### Directions for this task
Write the data out again, character for character, with no images.

### Information shown
==========

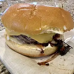 The burger is seared for a short time on the first side, and when flipped, the onions cook and caramelize.[7][1] Buns are untoasted and are steamed on top of the grilling burger before assembling the sandwich.[7] Garnishes include American cheese, pickles, and usually yellow mustard.
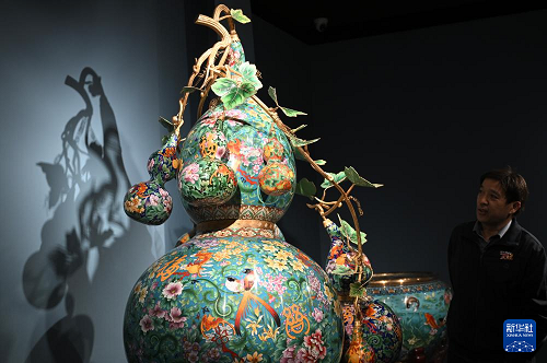 12月15日,觀眾參觀展出的景泰藍(lán)作品《福祿萬代》。(新華社記者 金良快 攝)
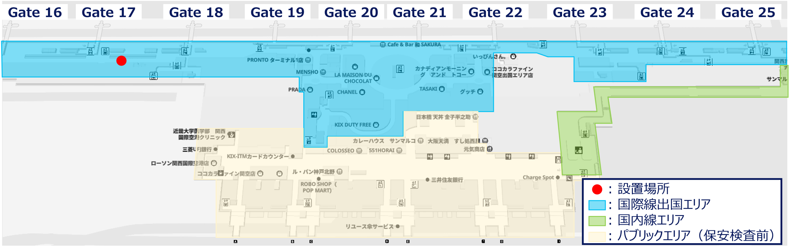 〇 設置場所:関西国際空港 第1ターミナルビル 2階 国際線出国エリア(17・18番ゲート付近)
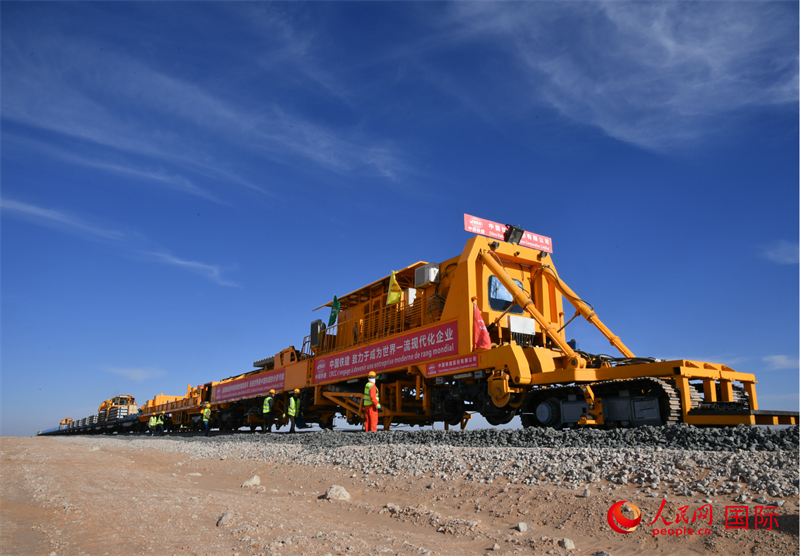 中企承建非洲首条沙漠重载铁路优先段轨道铺通

==========

### Solution
 The burger is seared for a short time on the first side, and when flipped, the onions cook and caramelize.[7][1] Buns are untoasted and are steamed on top of the grilling burger before assembling the sandwich.[7] Garnishes include American cheese, pickles, and usually yellow mustard.
 12月15日,觀眾參觀展出的景泰藍(lán)作品《福祿萬代》。(新華社記者 金良快 攝)
 〇 設置場所:関西国際空港 第1ターミナルビル 2階 国際線出国エリア(17・18番ゲート付近)
 中企承建非洲首条沙漠重载铁路优先段轨道铺通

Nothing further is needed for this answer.